Mimosa Echard. Photo: © Camille Vivier

Mimosa Echard, whose work explores permaculture and the relationship between living and non-living materials from a feminist and ecological perspective, has won the Marcel Duchamp Prize, France’s most prestigious art accolade.

Her early work includes A/B (2016), a series of wall-mounted plexiglass display boxes containing botanical and manufactured medicines mixed to create an image akin to an abstract painting. I Still Dream of Orgonon (2021) likewise is one of a series of plastic drinks bottles stuffed full of organic and inorganic matter, including old batteries and beads. For her recent solo show at Palais de Tokyo in Paris she developed a computer game in which visitors could explore the cavities of an organism in a perpetual state of transformation, inspired by the life cycle of the myxomycete, a class of slime mould.

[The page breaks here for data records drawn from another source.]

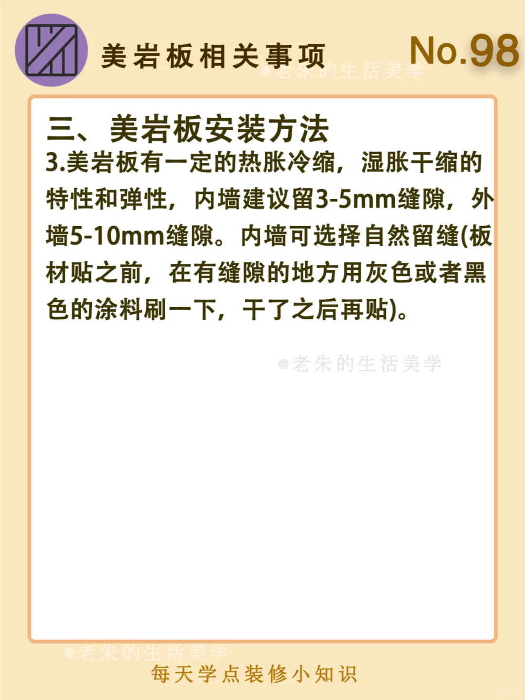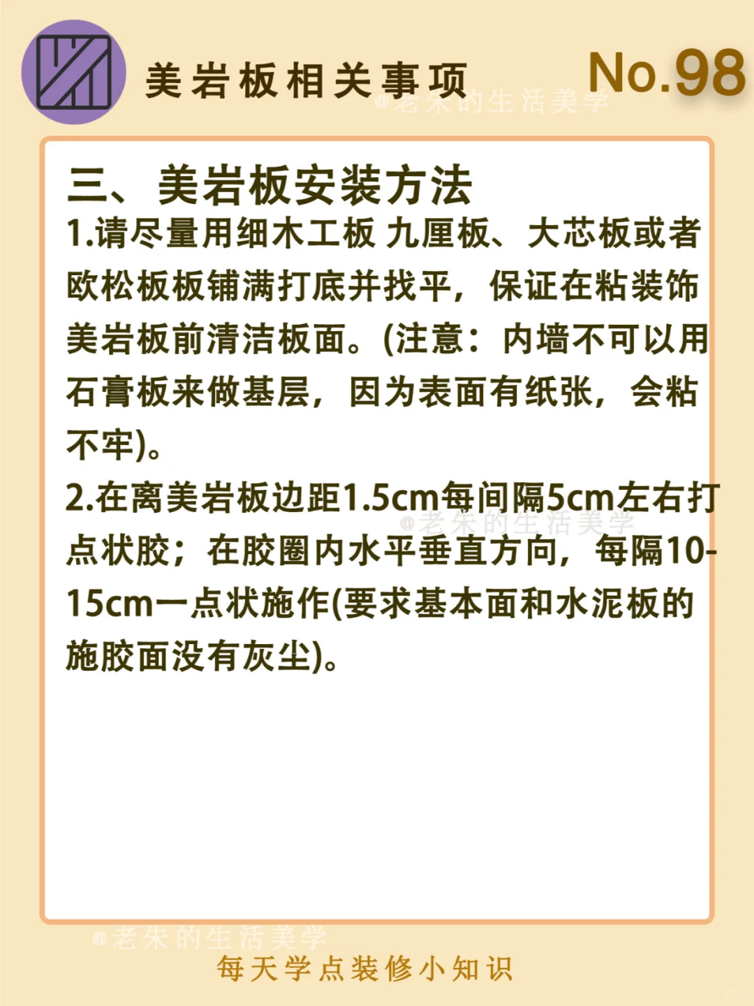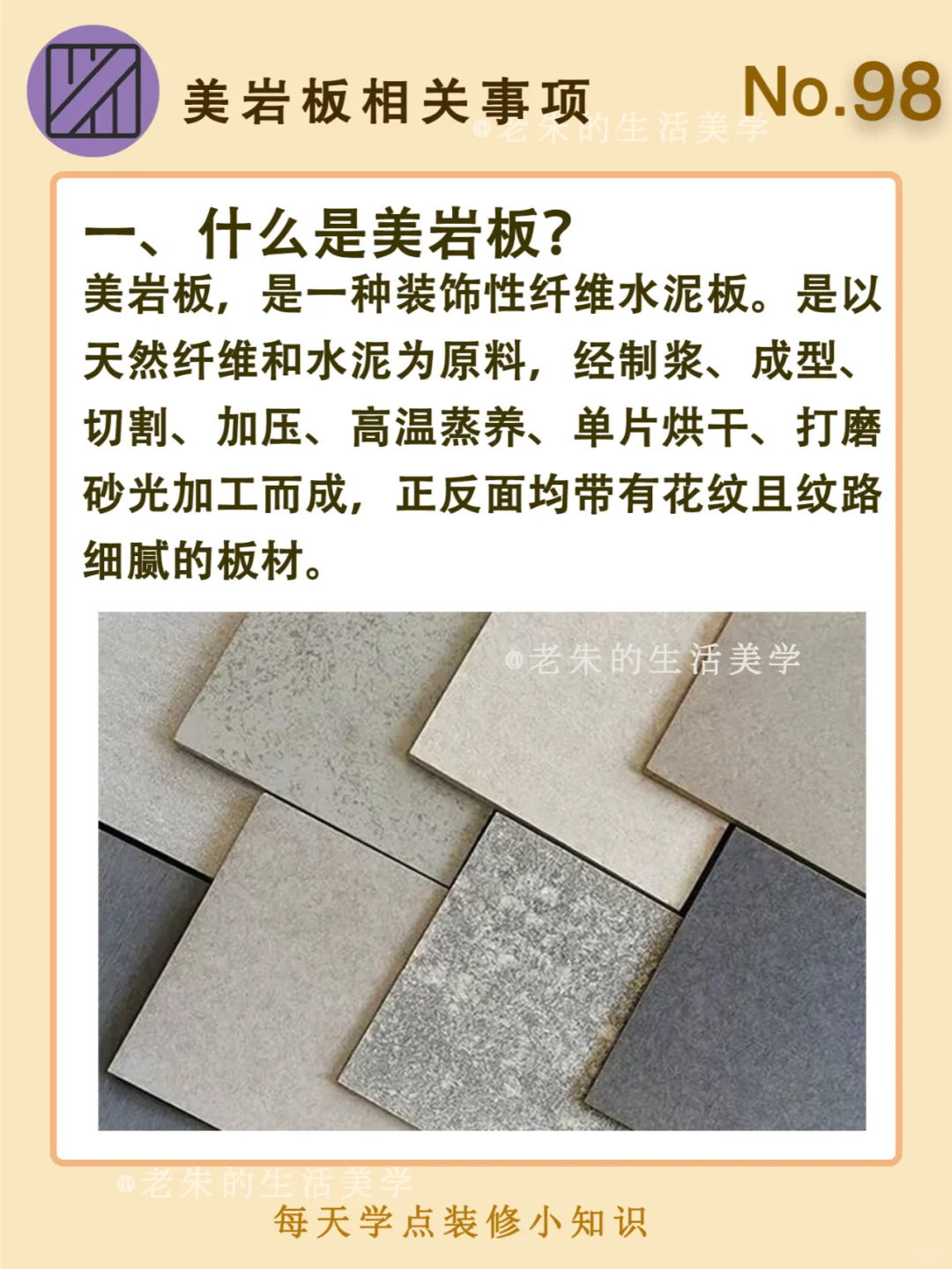 🔆 一、什么是美岩板 二、美岩板的特点 三、美岩板安装方法 四、美岩板注意事项 🔆 我是老朱 📍坐标天津 前上市公司金牌工长🏅 30年施工经验🛠 承接天津新房装修/老房改造 精心整理关于设计&施工&装修的攻略📝 关注我每日更新🗓 也可以在评论区留下您宝贵的想法与建议💓 让您装修不走弯路✅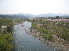 鼓岡大橋からの景色 (胎内川と桜並木) |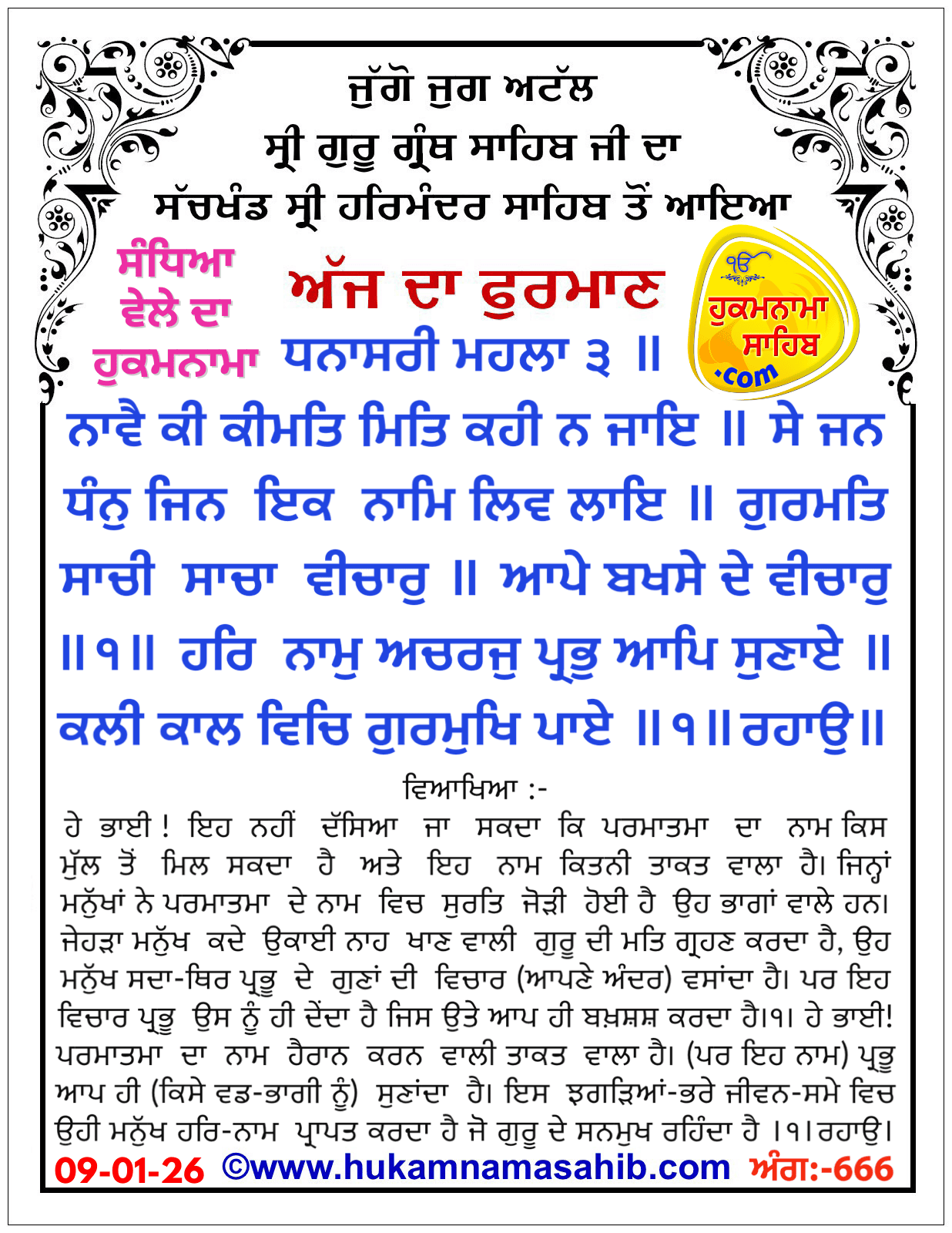 Sandhia vele da Hukamnana, Sri Darbar Sahib, Sri Amritsar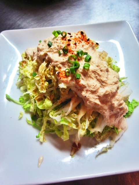 冬のサラダはやっぱり、冬の葉もの野菜、白菜!生のまんまざくざく細切りにしたら、とろりとツナマヨドレッシング!…って、実はその前に自家製、地味〜なこんぶ茶ドレッシングでした味付けてるから、旨味がしっかりなんだよなと…生の白菜のみずみずしいシャキシャキした食感、えぇ、これが思いがけずおいしいんですよ!ぜひぜひこの冬、何度でも〜(笑)。(お)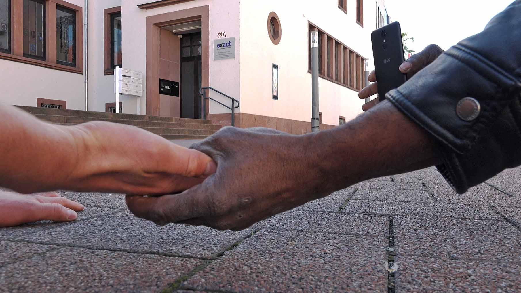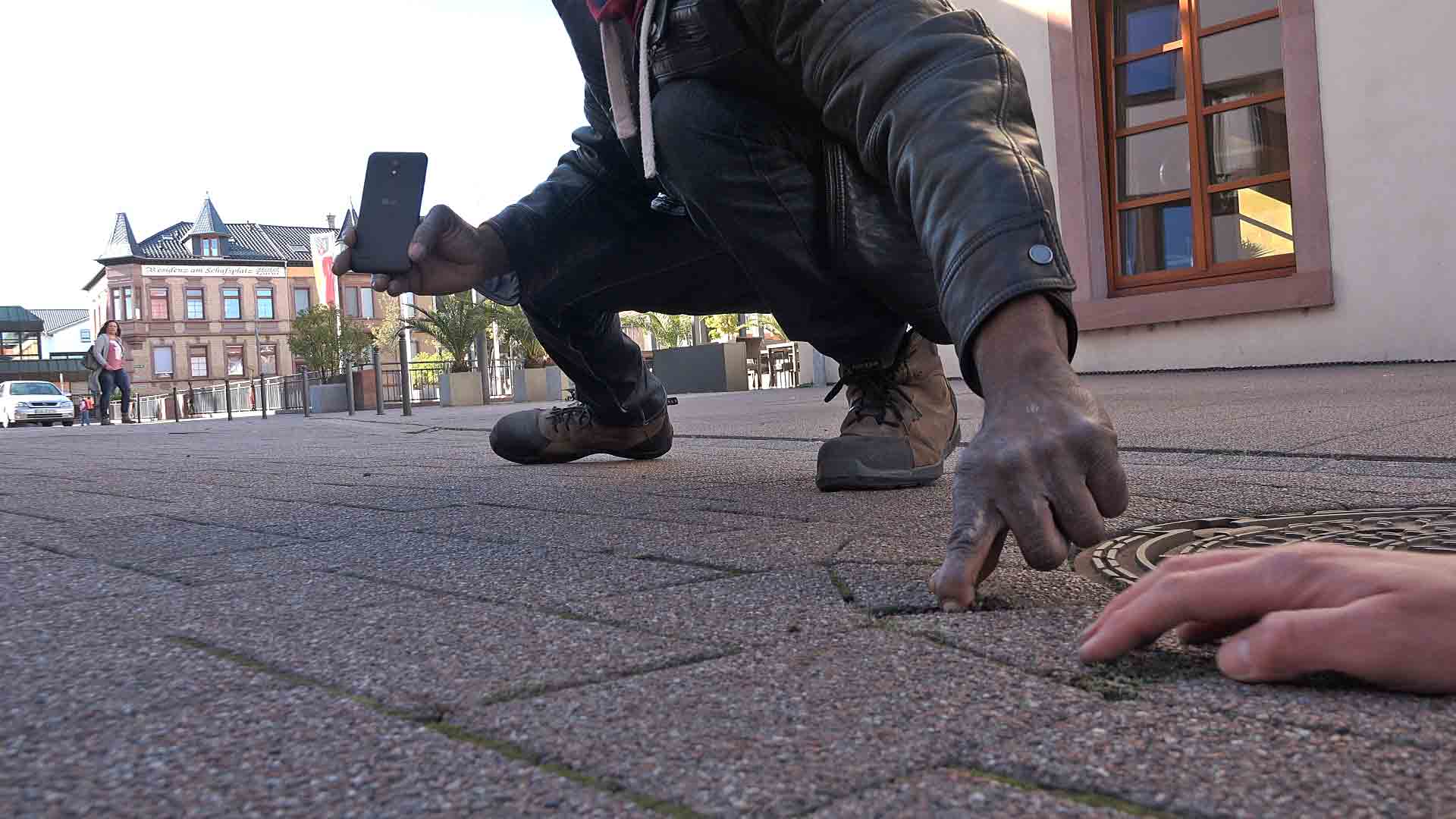 I am lying on a hand truck by which I am able to use the cobblestones on the ground as holds to climb the path in front of me. The perspective of my camera, which I pull beside me as a climbing partner, shows the path in front of me as a wall, which I am ascending. I am transferring the heroic myth of the Eiger north face into the center of the village of Edenkoben by this irritating action. Random passersby ask me, what I am doing. We strike up conversations about possibilities and impossibilities, meaningful and senseless, absurd actions.

Echard won the €35,000 (£30,450) prize over a shortlist that included Giulia Andreani, Iván Argote and Philippe Decrauzat.

Echard was born in Alès, a region in the south of France with a history of communal living, something she says has long influenced her work. She graduated from the École Nationale Supérieure des Arts Décoratifs, Paris, in 2010 and recent shows include Sporal at the Palais which closed a month ago; Numbs, her first solo exhibition with Galerie Chantal Crousel, Paris, in 2021; LUCA (in collaboration with Michel Blazy) at Dortmunder Kunstverein in 2019; Pulsion Potion, Cell Project Space Gallery, London in 2017; and iDeath at Galerie Samy Abraham, Paris in 2016.